• _PROBLEM DETAILS_
Exactly as written, print the lines from the top of the listing through the line containing "Program 1: Write a program to print"; include no pictures.

*** Opening DATA FOR PROCESSING ***

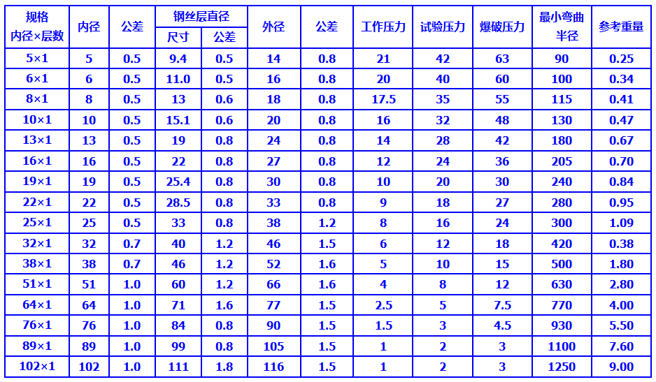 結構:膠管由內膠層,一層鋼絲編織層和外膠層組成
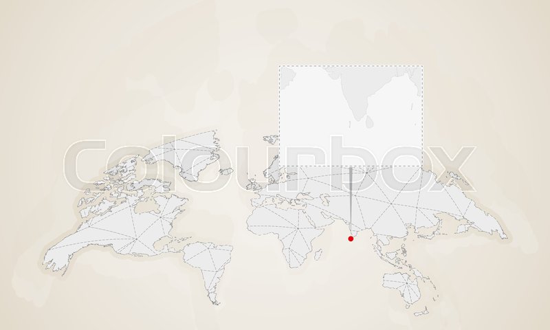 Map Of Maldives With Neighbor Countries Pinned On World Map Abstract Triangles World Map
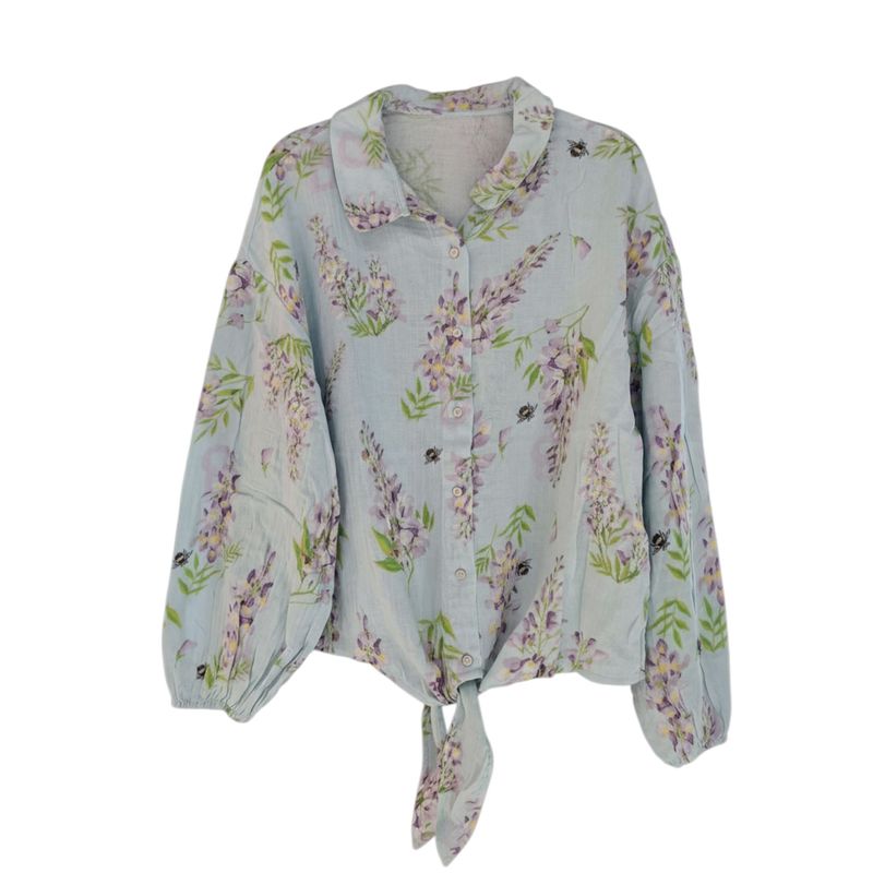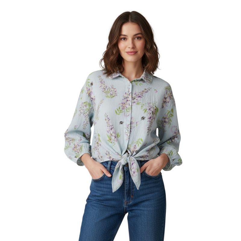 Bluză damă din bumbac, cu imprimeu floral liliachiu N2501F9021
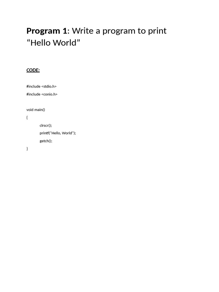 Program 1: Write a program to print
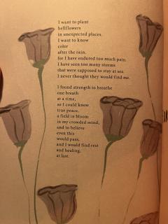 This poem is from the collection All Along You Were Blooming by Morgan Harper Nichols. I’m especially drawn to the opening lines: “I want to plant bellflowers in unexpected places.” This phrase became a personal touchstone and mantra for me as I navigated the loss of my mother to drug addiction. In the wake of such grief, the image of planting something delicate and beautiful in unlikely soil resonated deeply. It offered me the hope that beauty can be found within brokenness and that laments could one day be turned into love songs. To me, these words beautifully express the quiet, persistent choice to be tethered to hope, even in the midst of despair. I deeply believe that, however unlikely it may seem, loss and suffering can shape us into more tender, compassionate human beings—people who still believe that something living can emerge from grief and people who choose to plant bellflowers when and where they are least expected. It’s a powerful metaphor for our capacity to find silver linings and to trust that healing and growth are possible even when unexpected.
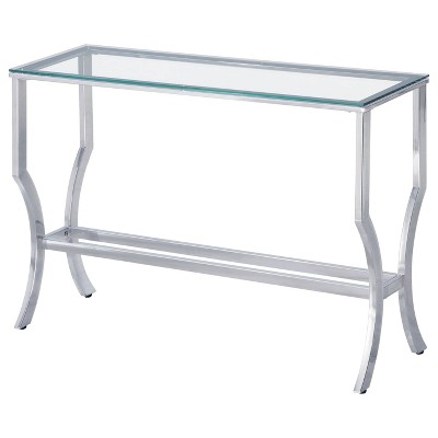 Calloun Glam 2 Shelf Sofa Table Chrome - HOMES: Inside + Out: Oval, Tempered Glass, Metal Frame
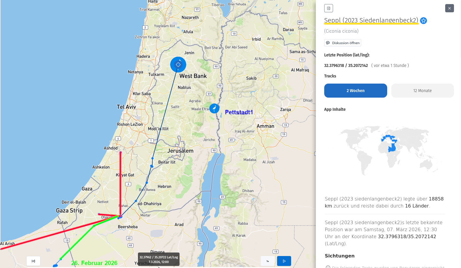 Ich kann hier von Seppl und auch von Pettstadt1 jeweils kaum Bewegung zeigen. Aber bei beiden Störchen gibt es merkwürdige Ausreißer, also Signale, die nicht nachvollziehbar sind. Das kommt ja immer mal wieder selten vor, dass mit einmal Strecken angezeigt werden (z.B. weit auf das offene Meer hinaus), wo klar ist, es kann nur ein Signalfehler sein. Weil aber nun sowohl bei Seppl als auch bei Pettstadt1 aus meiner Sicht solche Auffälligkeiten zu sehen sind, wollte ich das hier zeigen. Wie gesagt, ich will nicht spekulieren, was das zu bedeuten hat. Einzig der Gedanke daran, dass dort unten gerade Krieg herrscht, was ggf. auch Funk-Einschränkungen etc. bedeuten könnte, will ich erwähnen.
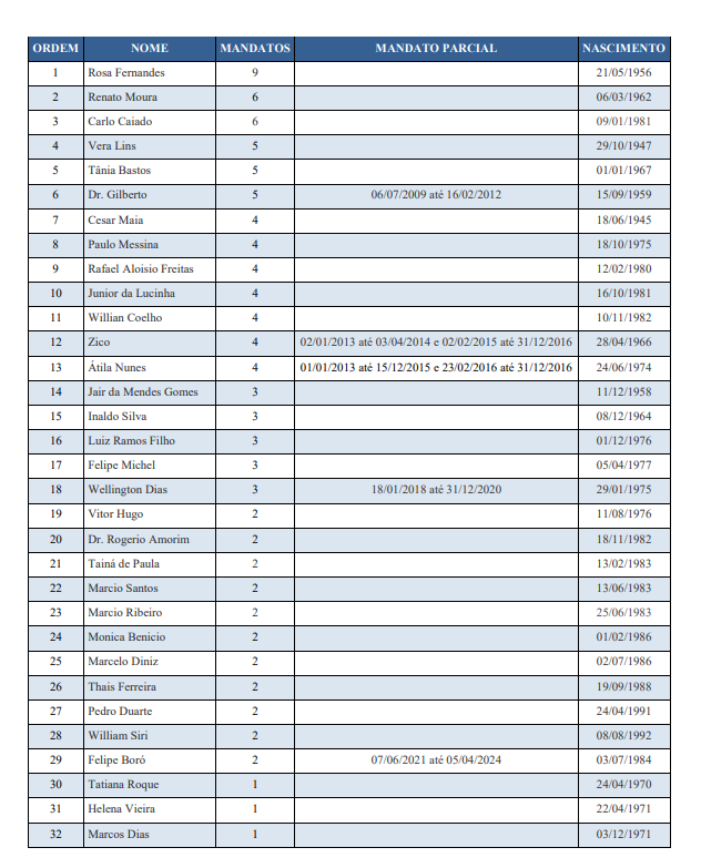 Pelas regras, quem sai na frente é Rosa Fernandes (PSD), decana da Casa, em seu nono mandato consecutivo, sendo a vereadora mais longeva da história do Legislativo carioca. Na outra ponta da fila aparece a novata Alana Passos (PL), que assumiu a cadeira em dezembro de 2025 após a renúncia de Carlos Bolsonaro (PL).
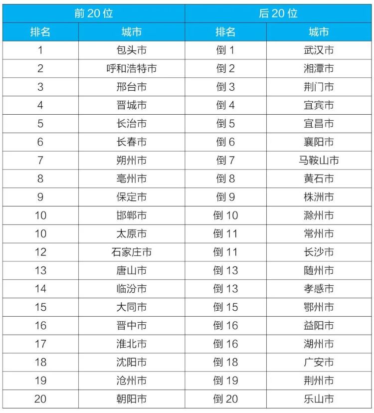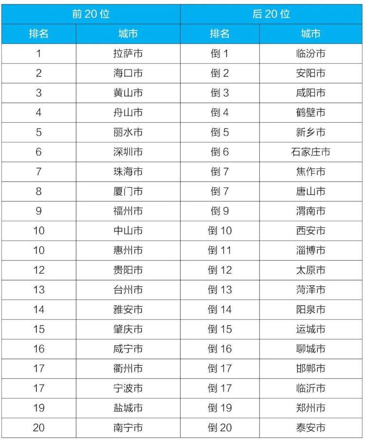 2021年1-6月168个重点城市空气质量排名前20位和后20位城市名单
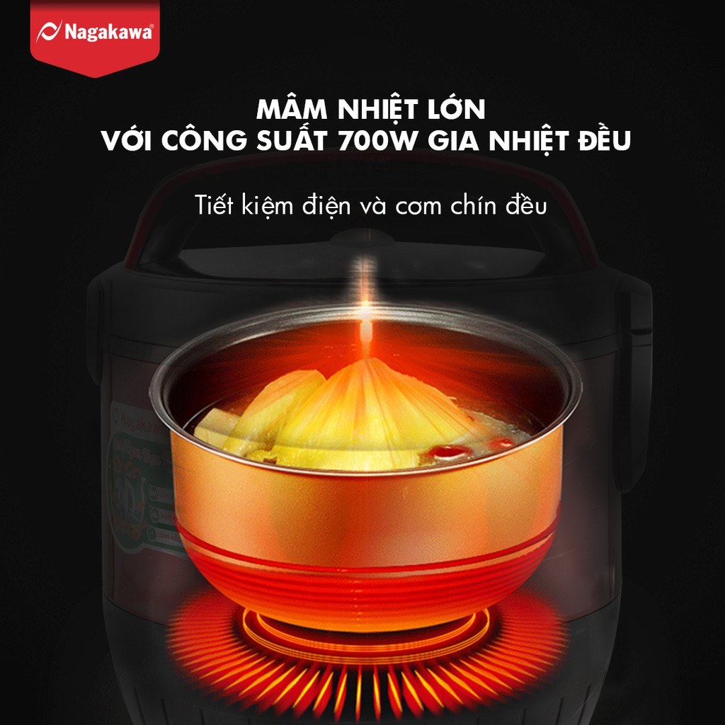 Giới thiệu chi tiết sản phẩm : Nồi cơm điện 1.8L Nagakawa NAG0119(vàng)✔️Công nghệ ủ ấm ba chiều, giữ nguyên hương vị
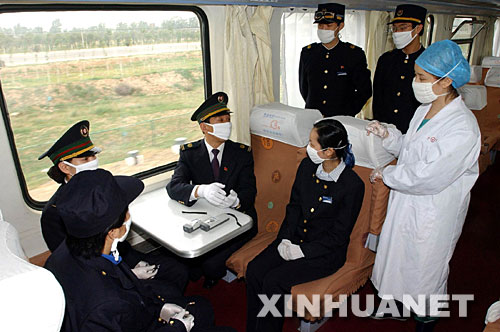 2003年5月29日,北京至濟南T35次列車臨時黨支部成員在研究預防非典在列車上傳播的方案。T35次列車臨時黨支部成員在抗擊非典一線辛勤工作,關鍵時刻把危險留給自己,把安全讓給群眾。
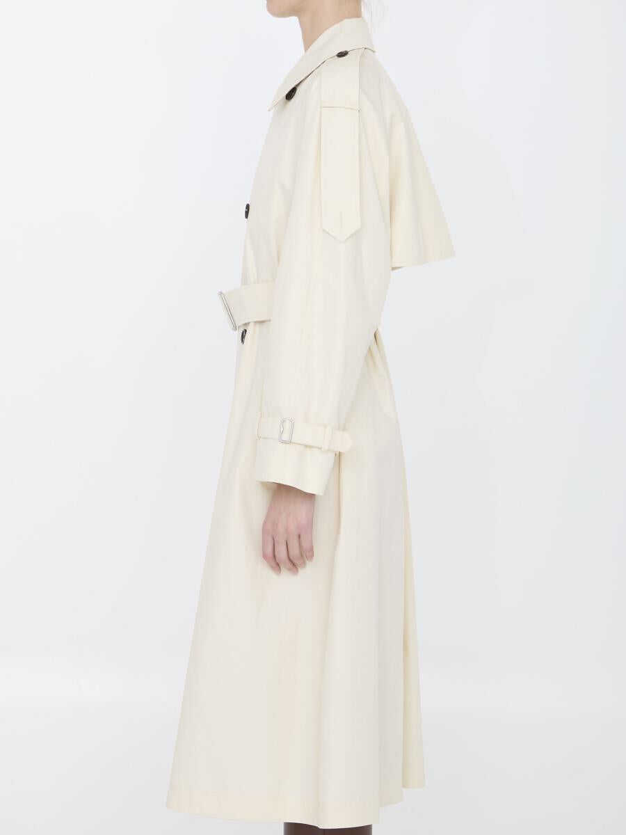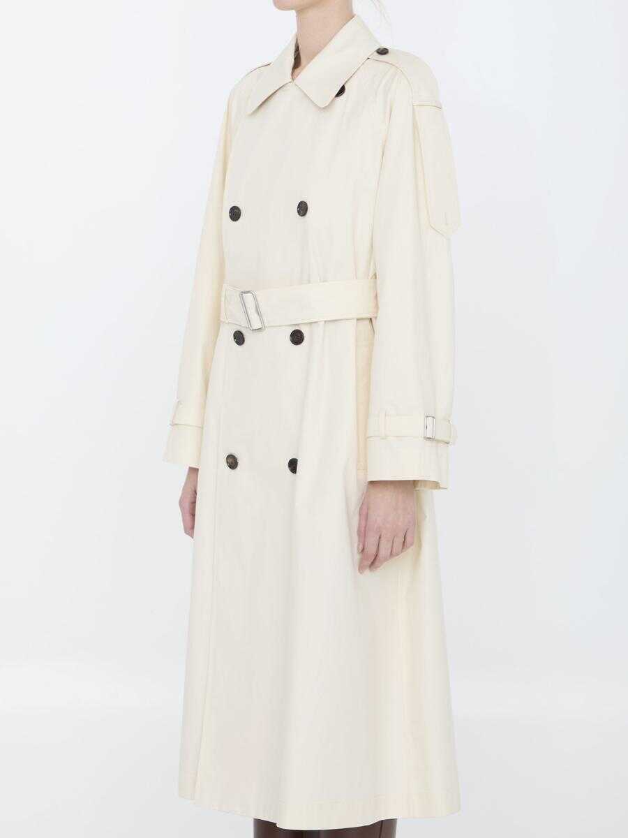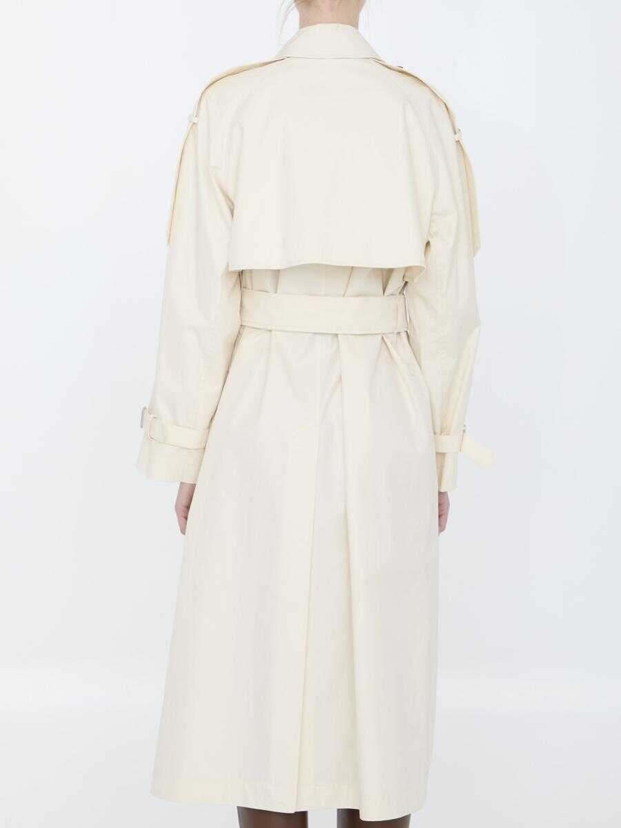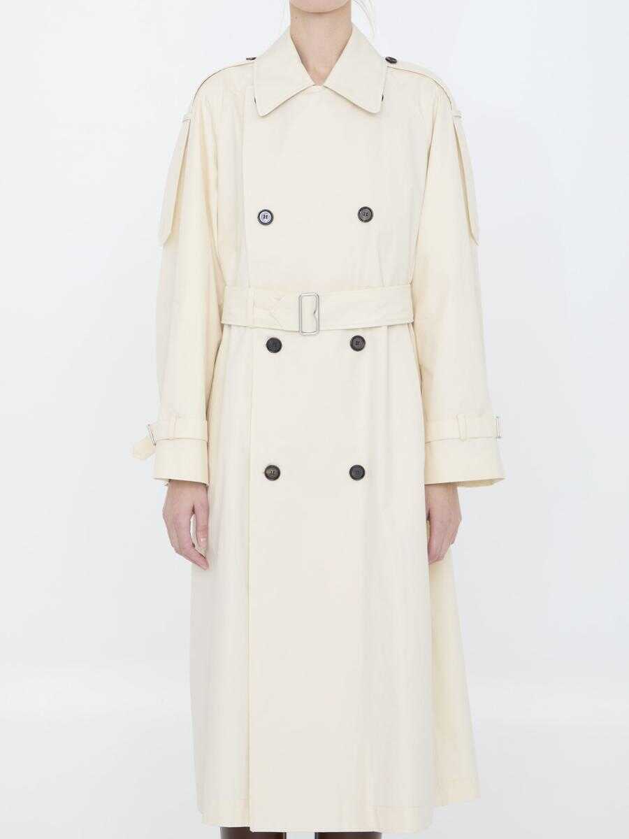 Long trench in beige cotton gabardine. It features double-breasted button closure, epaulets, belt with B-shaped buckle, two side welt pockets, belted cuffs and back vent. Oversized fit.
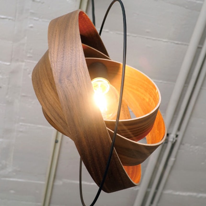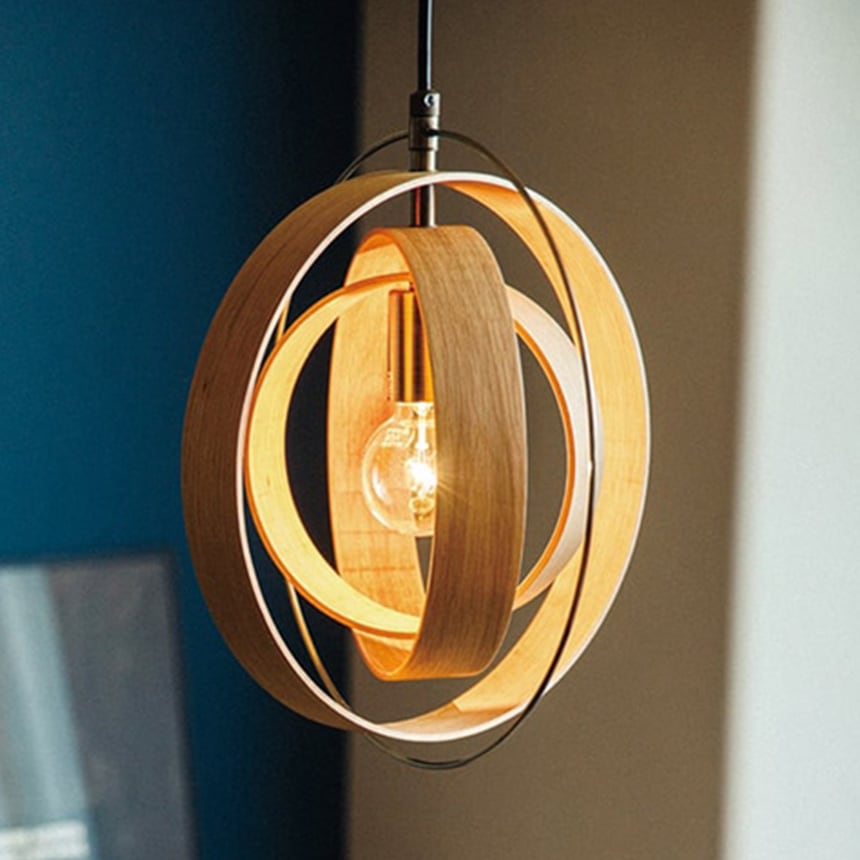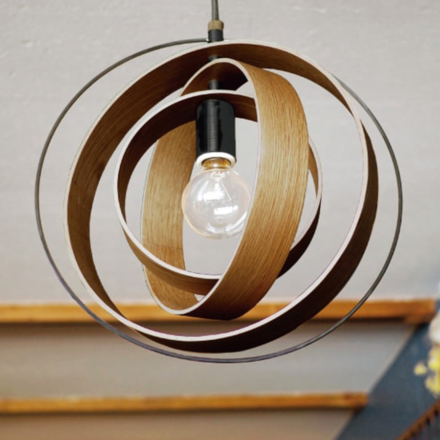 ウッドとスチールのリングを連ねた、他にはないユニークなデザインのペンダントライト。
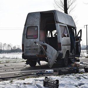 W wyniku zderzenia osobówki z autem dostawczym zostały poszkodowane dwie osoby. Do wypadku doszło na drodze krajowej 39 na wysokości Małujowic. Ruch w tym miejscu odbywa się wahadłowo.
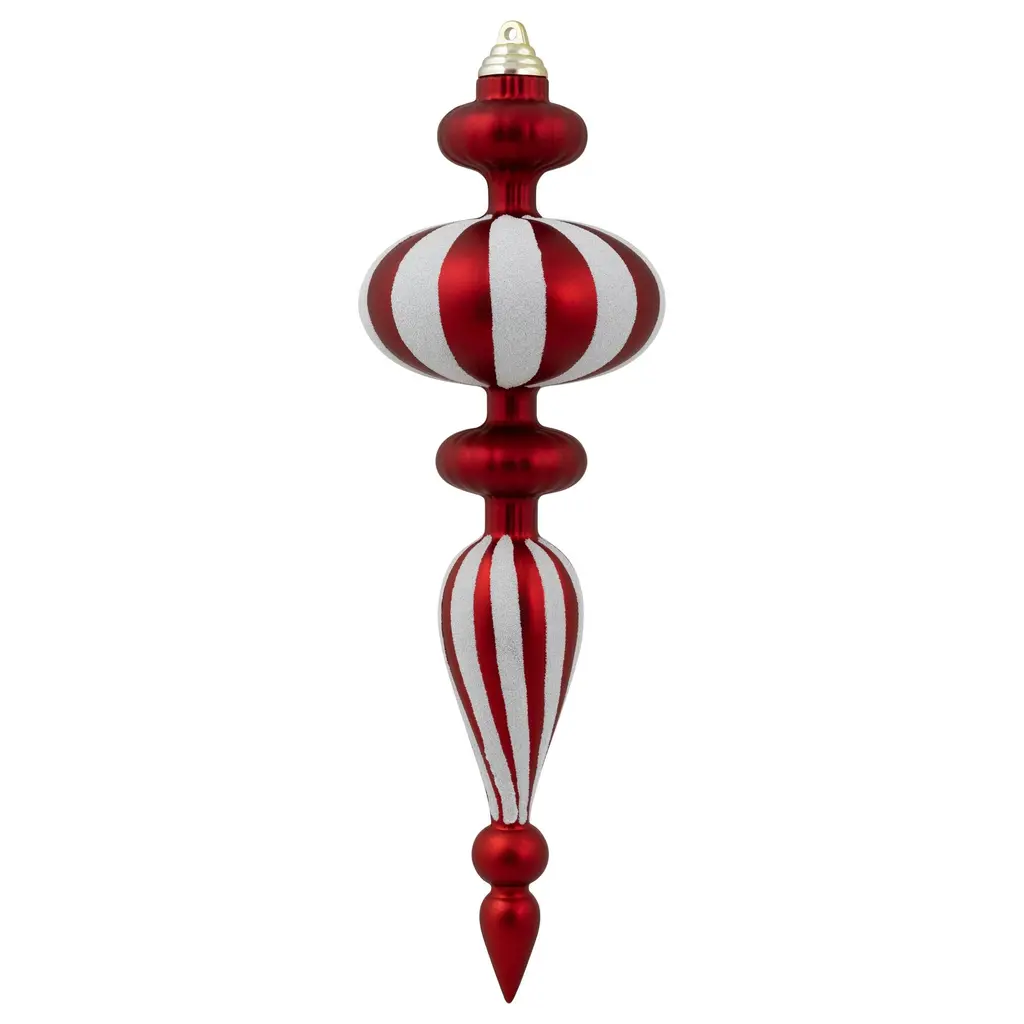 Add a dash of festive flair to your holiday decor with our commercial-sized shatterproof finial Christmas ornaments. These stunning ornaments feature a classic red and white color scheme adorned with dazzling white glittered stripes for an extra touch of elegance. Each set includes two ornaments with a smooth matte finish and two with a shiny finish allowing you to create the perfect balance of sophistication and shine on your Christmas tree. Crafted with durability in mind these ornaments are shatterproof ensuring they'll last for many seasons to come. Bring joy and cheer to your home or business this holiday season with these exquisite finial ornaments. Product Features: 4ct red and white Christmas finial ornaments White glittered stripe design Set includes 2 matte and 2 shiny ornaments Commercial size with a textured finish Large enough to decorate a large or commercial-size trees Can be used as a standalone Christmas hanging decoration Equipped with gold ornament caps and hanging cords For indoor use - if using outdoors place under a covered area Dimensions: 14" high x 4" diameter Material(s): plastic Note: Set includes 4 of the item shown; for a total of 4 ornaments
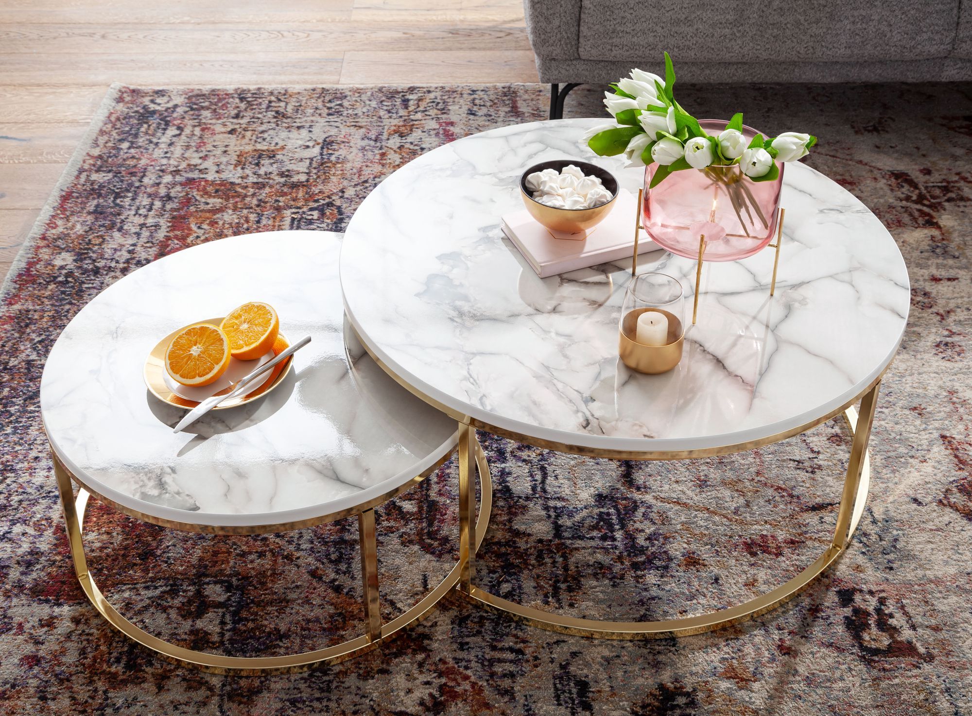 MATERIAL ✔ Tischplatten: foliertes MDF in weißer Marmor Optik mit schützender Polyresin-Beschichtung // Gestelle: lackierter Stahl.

*** Closing DATA FOR PROCESSING ***

• _SOLUTION TO THIS PROBLEM_
 結構:膠管由內膠層,一層鋼絲編織層和外膠層組成
 Map Of Maldives With Neighbor Countries Pinned On World Map Abstract Triangles World Map
 Bluză damă din bumbac, cu imprimeu floral liliachiu N2501F9021
 Program 1: Write a program to print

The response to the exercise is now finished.